ORCID iD: https://orcid.org/0000-0001-2345-6789
Wikidata ID: http://www.wikidata.org/entity/Q708002
VIAF ID: https://viaf.org/viaf/49224511

All variation in the way Ferdinand von Mueller is cited can be handled by storing and using his concept Wikidata ID, https://www.wikidata.org/entity/Q708002.

recordedByID

https://rs.gbif.org/terms/1.0/recordedByID

Optional

GBIF has begun supporting unique identifiers for collectors by introducing a draft change to its infrastructure. The change allows them to accept a recordedByID term alongside the standard Darwin Core recordedBy term. This new term is to contain unique identifiers for each collector listed in the recordedBy term in the same order. GBIF does not make a recommendation about which identifier standard to use, but HISCOM recommends using one of the standards listed above.
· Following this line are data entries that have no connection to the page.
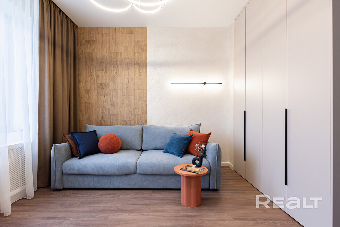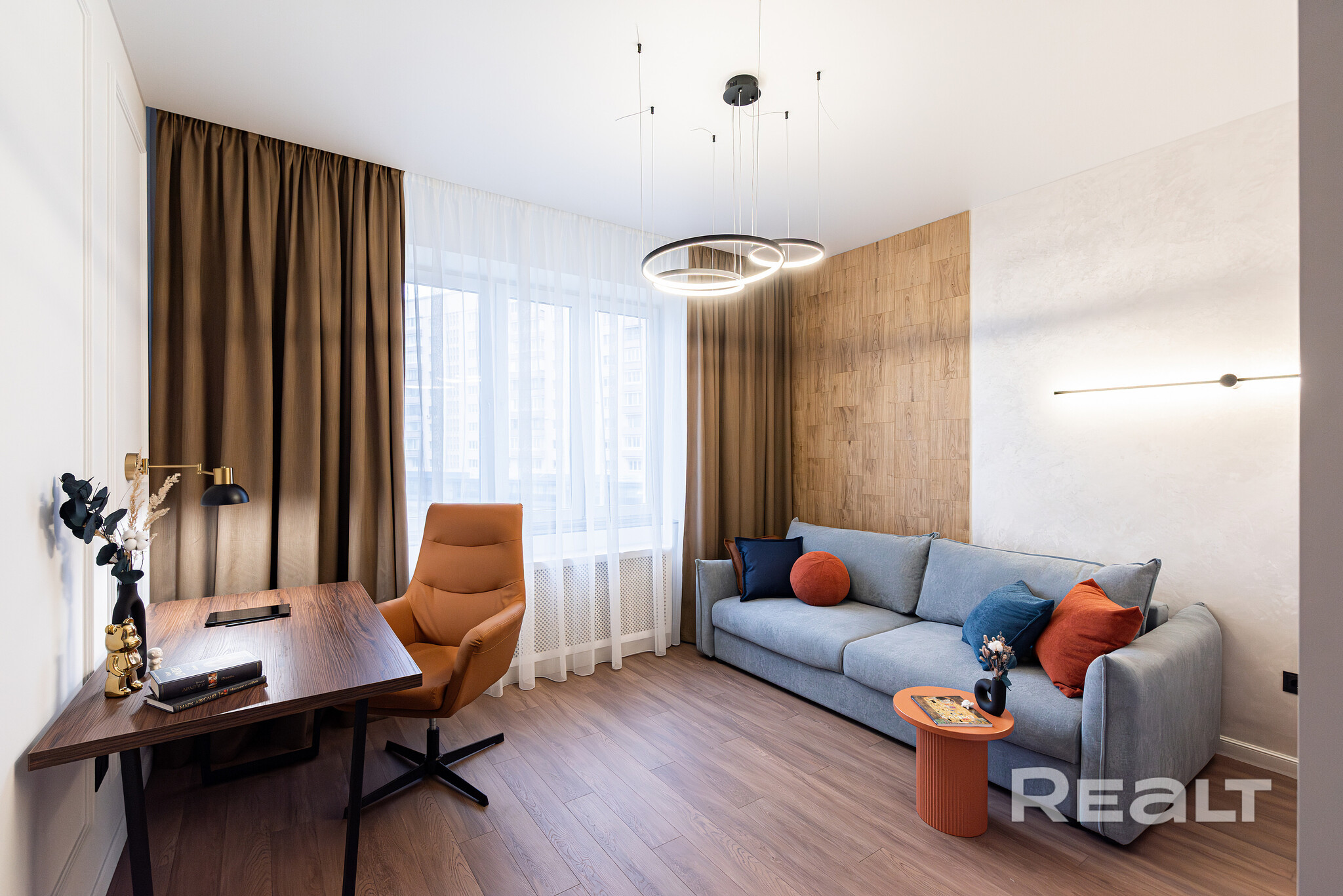 Еще в одной жилой комнате оборудовали кабинет: здесь есть рабочее место и второй диван.
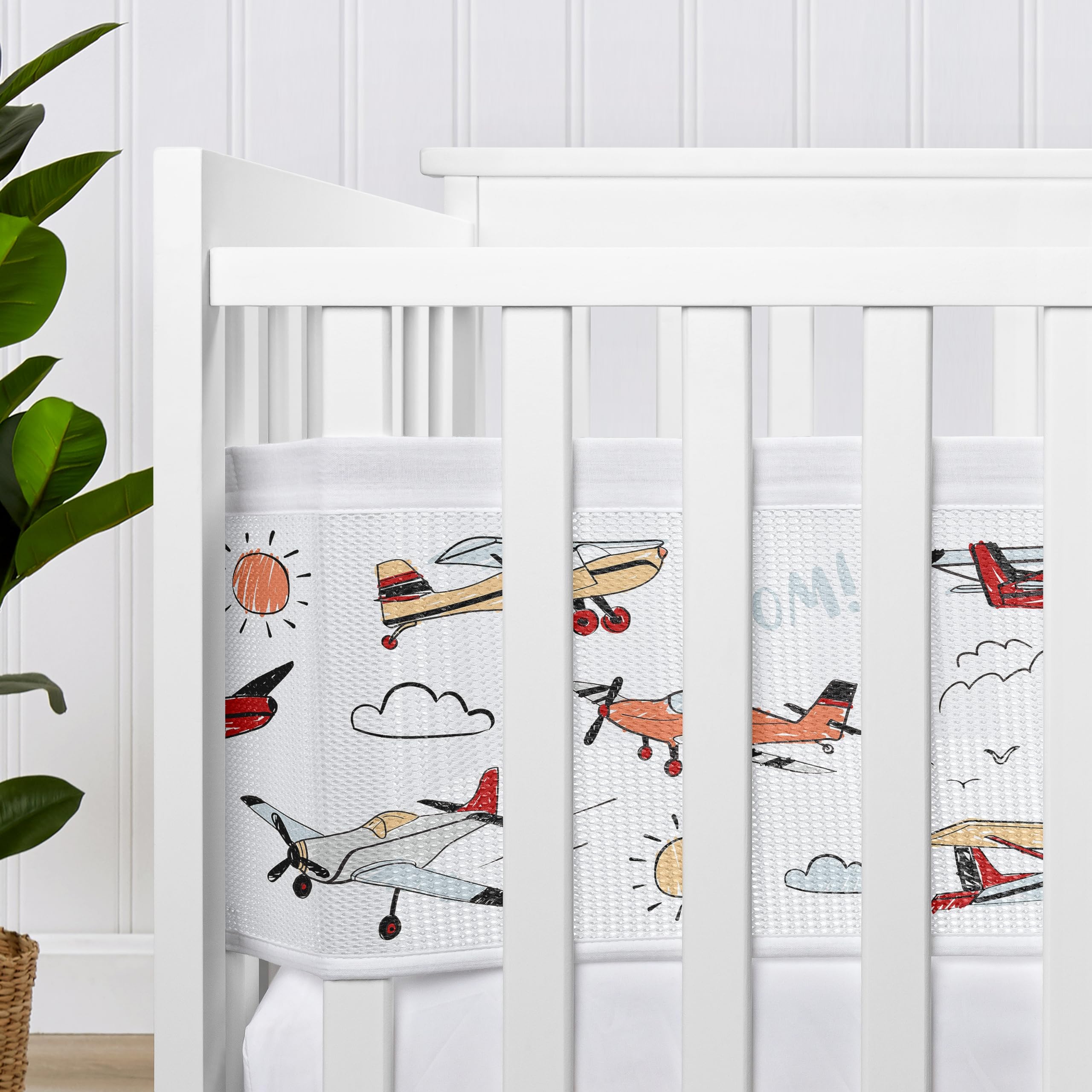 This mesh crib liner features a vintage airplanes transportation air plane clouds sun sky aviator aviation print with complimentary color palette from the matching Sweet Jojo Designs Airplane bedding collection of grey, yellow, orange, gray, red white and blue.
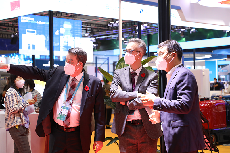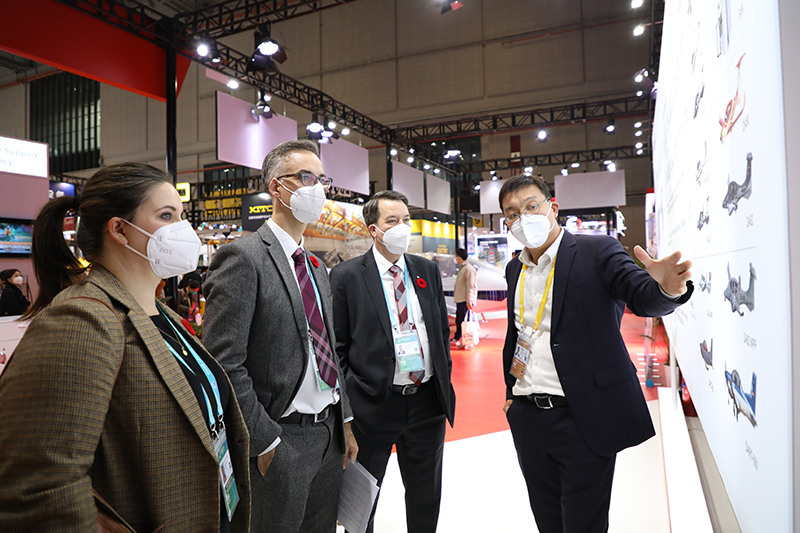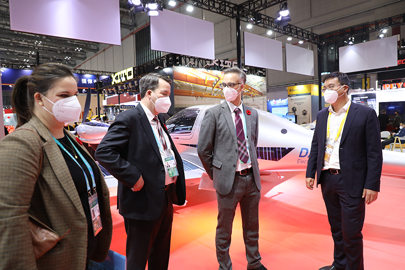 11月6日,加拿大驻上海总领事Dave Murphy和副总领事Alexandre Cerat一行到访进博会万丰钻石飞机展台参观,万丰航空团队陪同参观。
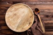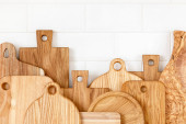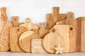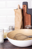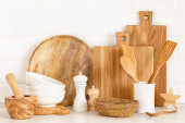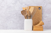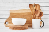 Przybory kuchenne na blat, tło kulinarne, ceramika drewniana i biała, koncepcja gotowania domowego
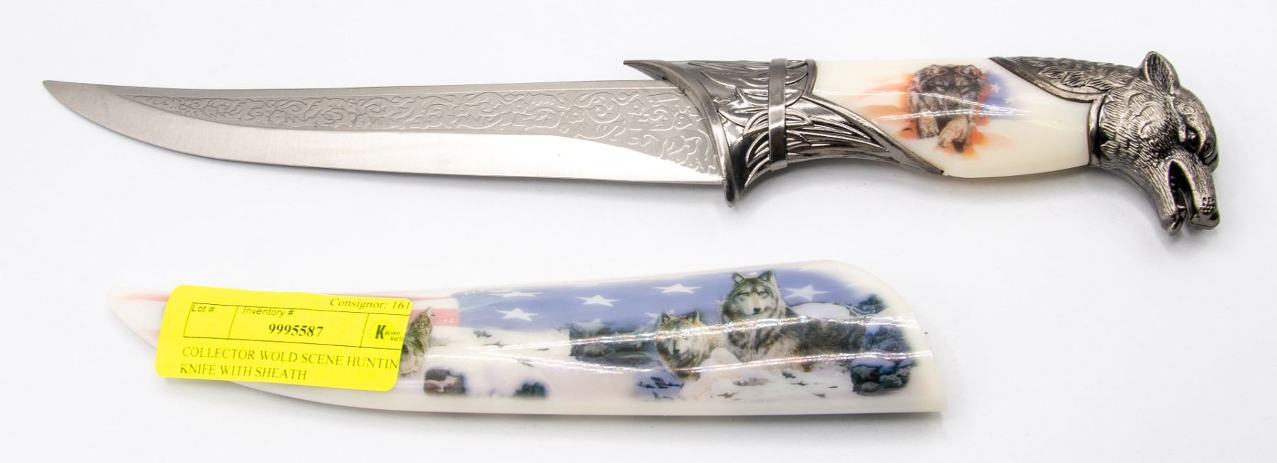 COLLECTOR WOLF SCENE HUNTING KNIFE WITH SHEATH
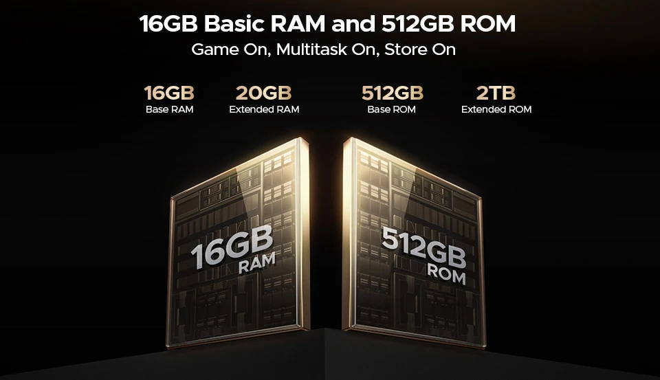 36GB RAM (16GB+Up to 20GB Extended RAM)+512GB ROM
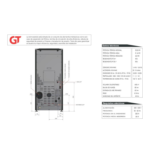 - Amplio rango de temperatura: La termoestufa puede alcanzar temperaturas de humos de entre 123°C y 54°C, brindando un calentamiento adecuado y seguro.
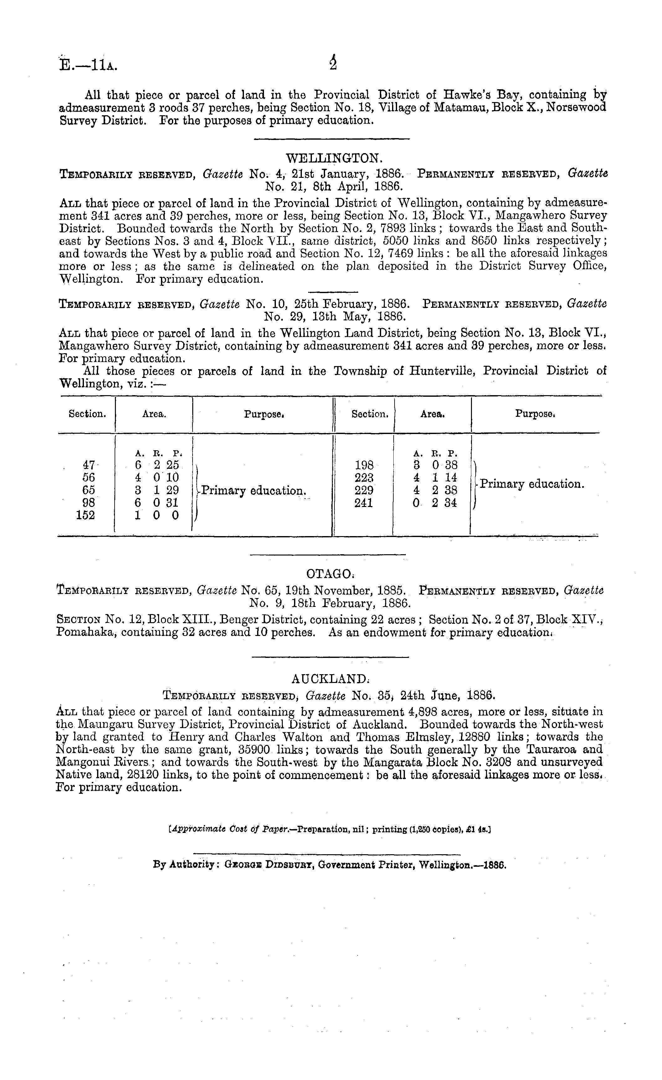 OTAGO. Tempoeaeily eeseeved, Gazette No. 65, 19th November, 1885. Peemanently eeseeved, Gazette No. 9, 18th February, 1886. Section No. 12, Block XIII., Benger District, containing 22 acres ; Section No. 2of 37, Block XIV., Pomahaka, containing 32 acres and 10 perches. As an endowment for primary education*
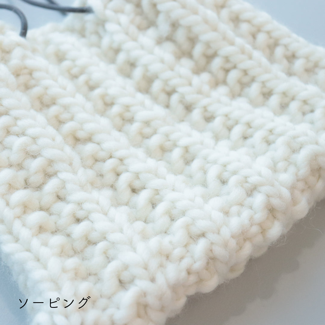 ソーピングを選びました。糸が太いのでざくざく編み進めてあっという間に1枚編めました。可愛くなる予感しかないので楽しみです。
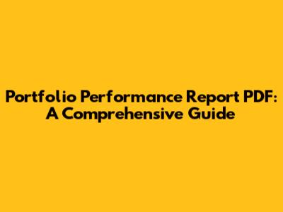 Portfolio Performance Report PDF: A Comprehensive Guide
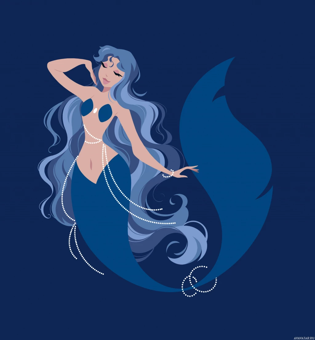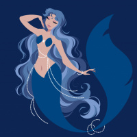a dreamy state. She appears to be wearing some type of garment or top that resembles the shells often associated with mermaids. The background is a solid color, which contrasts with her

This term is used in the core occurrences file, and its value must be a pipe-separated (|) list of absolute URIs consistent with the examples listed above.

Some research staff, especially those with a historical or high profile will commonly already have a Wikidata or VIAF ID, and these should be reused rather than generating an ORCID ID for them.

identifiedByID

https://rs.gbif.org/terms/1.0/identifiedByID

Optional

This term links the unique identifiers of the people who applied a taxon to a specimen. In all other respects it is treated the same as recordedByID.

Specimen Duplicate provenance

See the document “Handling Duplicates” for the background and methodology for supplying specimen provenance data.